Bring Out Your Wares in Rug Placement Game Marrakech
Become a master rug seller by carefully laying out your rugs on the board and making strategic choices regarding the direction you move the buyer.
Published by Gigamic, Marrakech scales nicely across the listed player count and features some very attractive components. But how is the gameplay?
Gameplay
Each player takes a certain number of rugs in their player color and a certain amount of money. The board, which shows a grid of squares, is placed in the center of the table. The Assam meeple is placed in the center square.
You start your turn by choosing whether to keep Assam facing straight or to turn him 90 degrees left or right. You then roll the die and move him that many squares in the direction he is now facing. The die can roll one through four. If he moves out of the grid, arrows direct him as to where he reenters it. If he stops on a space covered by an opponent’s rug, you must pay a fee to the player to whom that rug belongs. You pay one coin for each square covered by that color of rug connected to the group that Assam is standing on. If you ever do not have enough to pay, you are eliminated from the game.
After moving Assam, you must lay down one of your own rugs. Each rug covers two squares on the board. Your rug must be placed so that one half covers a square adjacent to where Assam is currently standing. Either half of a rug may cover one half of another rug; however, an entire rug cannot be placed so that both halves cover the same rug.
The game ends once all rugs have been placed.

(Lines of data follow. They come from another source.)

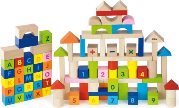 100 solidnych drewnianych klocków z alfabetem i cyframi
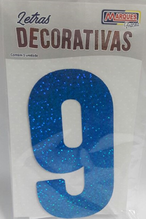 NÚMERO HOLOGRÁFICO DECORATIVO AZUL 9
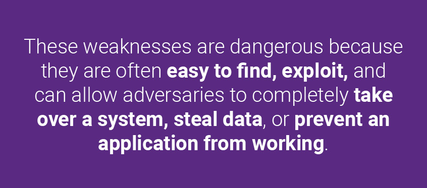 As MITRE put it, “These weaknesses are dangerous because they are often easy to find, exploit, and can allow adversaries to completely take over a system, steal data, or prevent an application from working.”
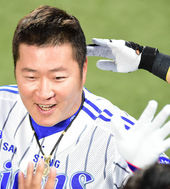 2014.06.05 19: 49솔로포 날린 최형우,'쓰담쓰담~'
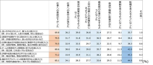 傷ついた経験がある人のうち、約7割が「仕事への意欲が下がった」と回答した。約3割は「最低限の仕事だけをするようになった」「発言や提案を控えるようになった」など、行動面でも変化が見られた。
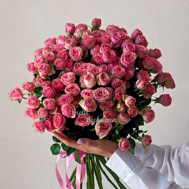 Букет из 15 розовых кустовых роз (60 см)
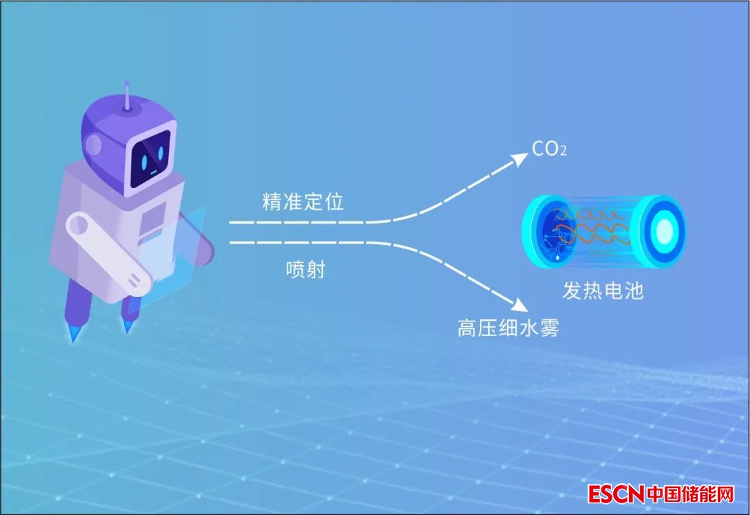當(dāng)單體電池發(fā)生熱失控時,可聯(lián)動電池管理系統(tǒng)(BMS)即“第一道安全閥”會把存在異常的電池位置信號反饋給消防機(jī)器人,消防機(jī)器人通過內(nèi)部計算,精準(zhǔn)定位找到異常電池所在的位置,對其持續(xù)噴淋高壓細(xì)水霧或二氧化碳半小時以上,進(jìn)行物理降溫吸能處理,為電池降溫提供雙重保障。
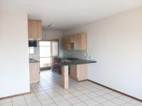 Discover this inviting 2-bedroom, 1-bathroom apartment located within a secure estate in Boksburg. Spanning 50 square meters, this unit features an open-plan living area seamlessly connecting to a functional kitchen. The kitchen is equipped with built-in light wood cupboards, dark countertops, a breakfast bar, and a hob with an oven, providing a practical space for daily living. Tiled flooring extends throughout the apartment, offering durability and ease of maintenance, while large windows ensure ample natural light.
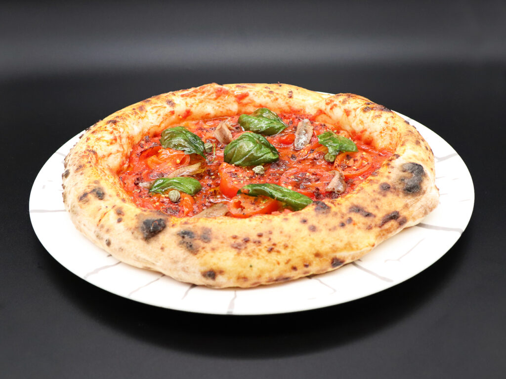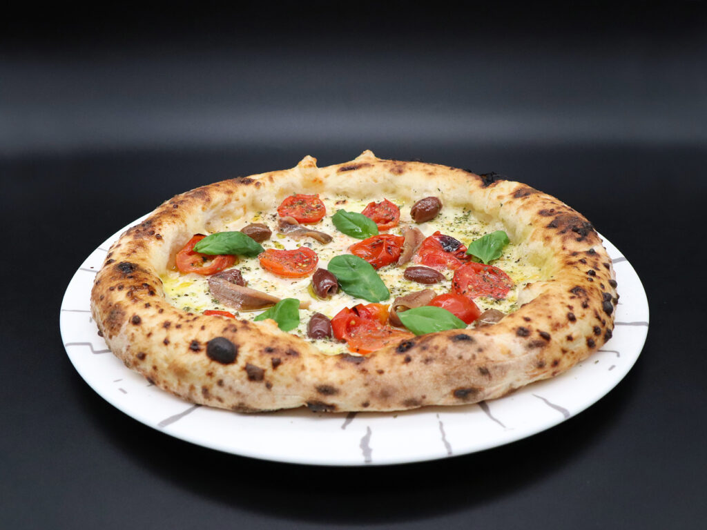 Mozzarella di bufala campana DOP, Fiordilatte, piennolo del Vesuvio DOP, olive nere, filetti di alici Cetarii, origano, basilico, olio evo
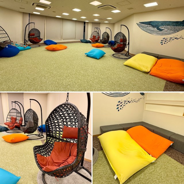 くつろぎルーム「なごみ」をのぞいてみると……ハンモックとクッションが並んでいた。休憩には良さそうだが、ここで寝るのはちょっと違うかも。とにかくベストではなさそうだ。
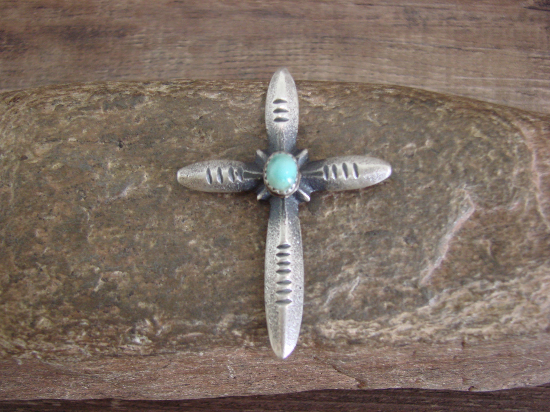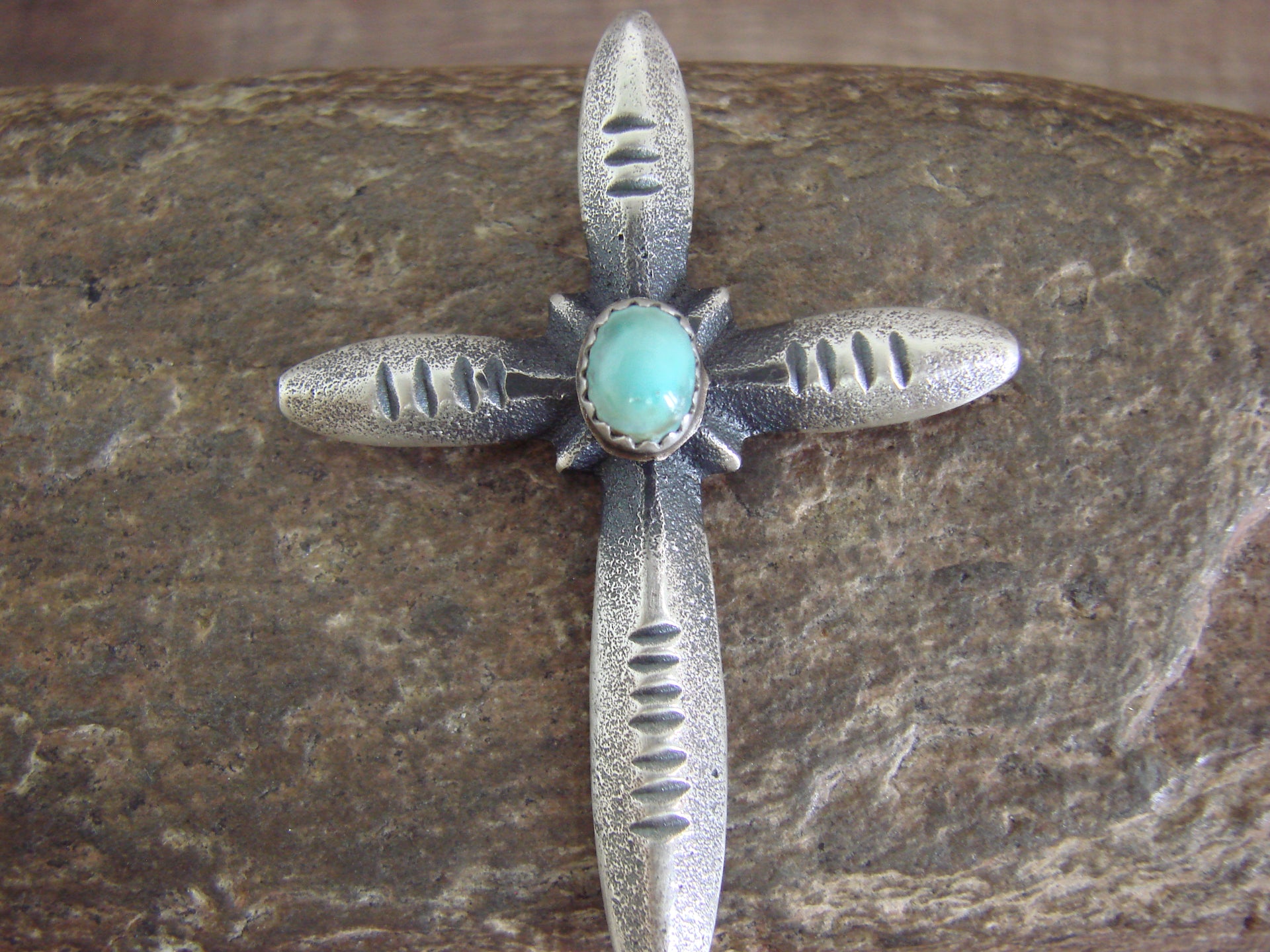 Genuine Native American Navajo Indian Silver & Turquoise Cross Pendant from Western New Mexico. This Cross Pendant features beautifully Cast Sterling Silver and Hand Stamping throughout. The Turquoise stone is set into a Crown Sterling Silver bezel setting at center. This pendant is Stunning! Hand made by Navajo Silversmith Martha Cayatineto. Signed "MC" and stamped "Sterling" on the back. Free Shipping with a gift box included!
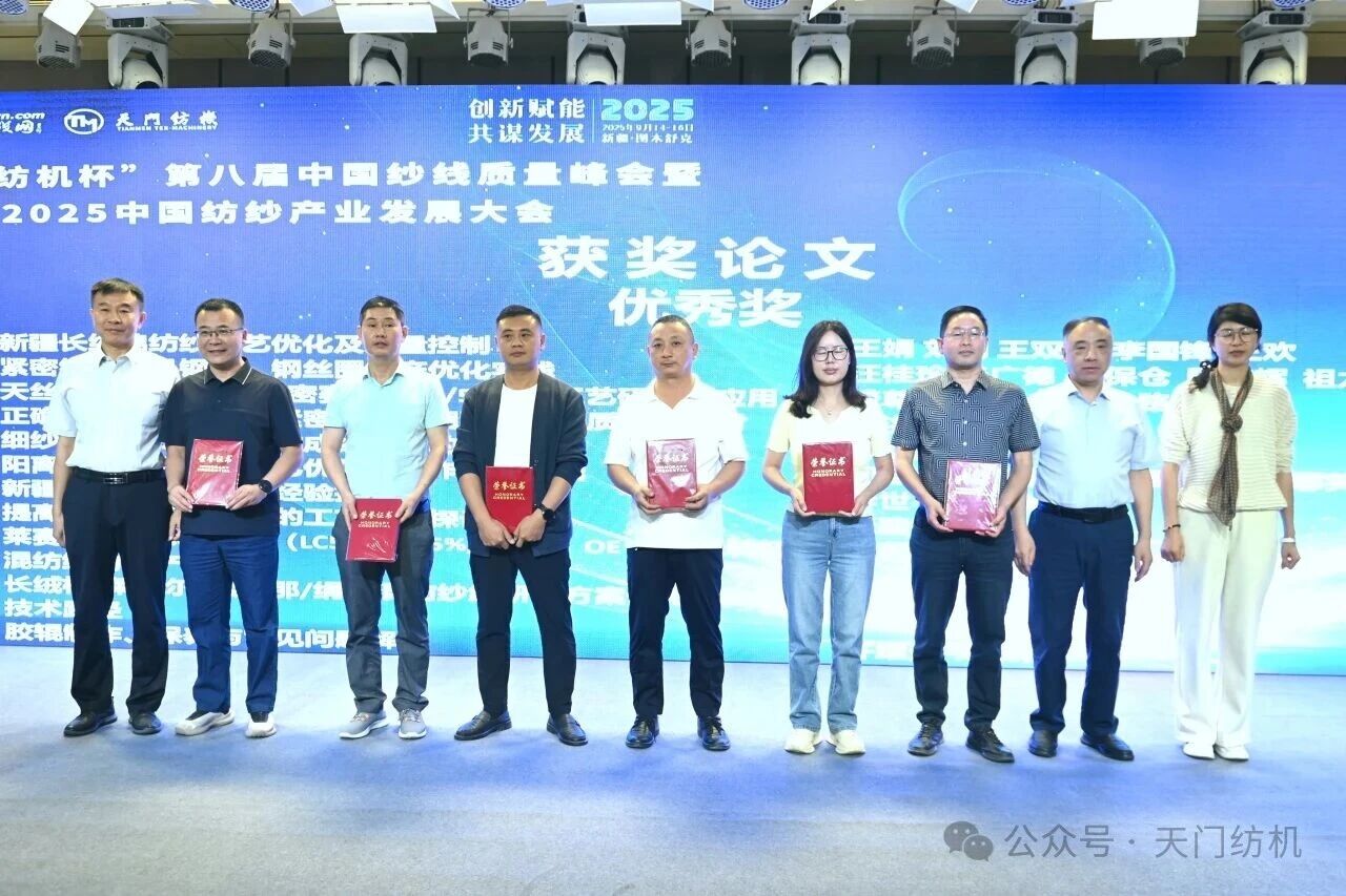 開(kāi)幕式上,隆重舉行了“天門(mén)紡機(jī)杯”第八屆中國(guó)紗線質(zhì)量峰會(huì)獲獎(jiǎng)?wù)撐念C獎(jiǎng)活動(dòng),新疆維吾爾自治區(qū)紡織工程學(xué)會(huì)理事長(zhǎng)、新疆大學(xué)紡織與服裝學(xué)院院長(zhǎng)夏鑫,天門(mén)紡機(jī)總經(jīng)理焦倫進(jìn),中國(guó)紗線網(wǎng)總裁鞠彥軍為獲獎(jiǎng)作者頒發(fā)了證書(shū)和獎(jiǎng)金。
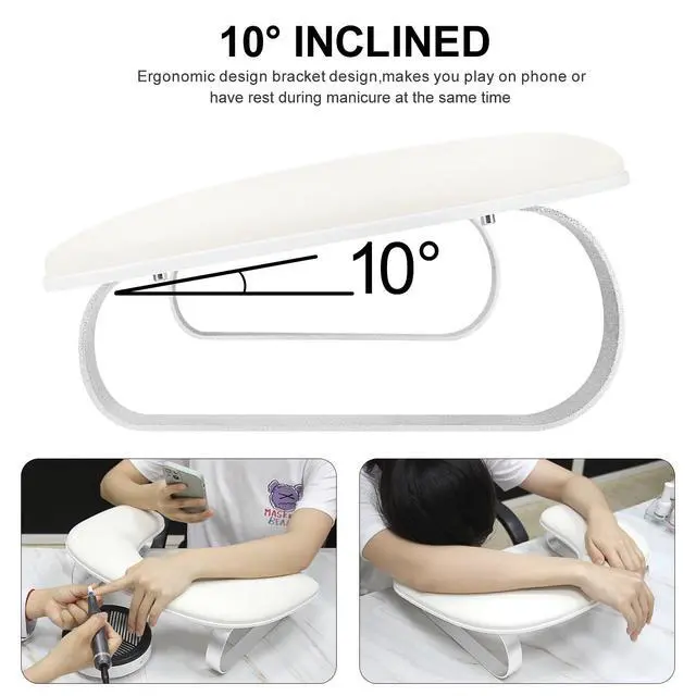 Ergonomic Design:U-shaped nail hand rest is engineered with 10-degree incline that aligns with ergonomic principles,allowing client to lie down to sleep or spend some time on the phone in a comfortable posture.For nail techs, this armrest for nails can make it easier to do nails as clients keep their hands and wrists at an easier angle for them to reach.

Each player then earns one point for each coin they have and each half of a rug that is currently visible on the board. The player with the most points wins.
Review
Marrakech is a neat twist on roll-and-move games. The fact that you control your direction means you don’t feel as if you’re completely at the mercy of the die, and as the board starts to fill up with rugs there is a certain push-your-luck element as you decide where to move. Maybe moving forward will move Assam into more open space, reducing your chances of having to pay out, but if you move left and manage to roll a four, you’ll make it across an opponent’s rugs and into an area where you’re more likely to receive a payout on the next player’s turn.
Gameplay is quite easy to learn, but there is still interesting strategy in the area control aspect of the payouts and where you place your rugs. There are several factors to consider and it’s clever that visible rugs not only determine how much you’re paid when they’re landed on, but add to your final score as well. You want to create sets of rugs to make them more valuable when others land on them, but you also use them to block other player’s rugs.
There is player elimination but we didn’t find this to be a common occurrence, and it’s simply a deterrent from running recklessly into enemy rug territory. The game also plays pretty fast, so even if you were eliminated near the end, you wouldn’t have long to wait.
While the game works pretty well across all its player counts, in a two-player game each player is supposed to take two sets of rugs and mix them together, drawing them at random each turn. However, the rulebook is not clear if you are supposed to be able to look at the order the rugs are coming in or not, and it’s hard not to when the backs of each rug set is a different color. In general, a little more information on the two-player variant would be useful.
The components are quite well done with the rugs being made from actual cloth, but a material that doesn’t slide around or easily lose its location on the board. The Assam meeple is big and chunky and fun to move around while the die is nice to roll. Everything about the game is just really nicely put together.
Marrakech is a nice balance between luck and strategy. Turns are fast, downtime minimal, and production quality quite nice, and there is a fun escalation to the gameplay as the board fills up more and more and choices become more difficult.
Pros: Great component quality, fast turns, multi-purpose rug placement
Cons: Two-player rules could use some clarification
Disclosure: we received a complimentary review copy of this game.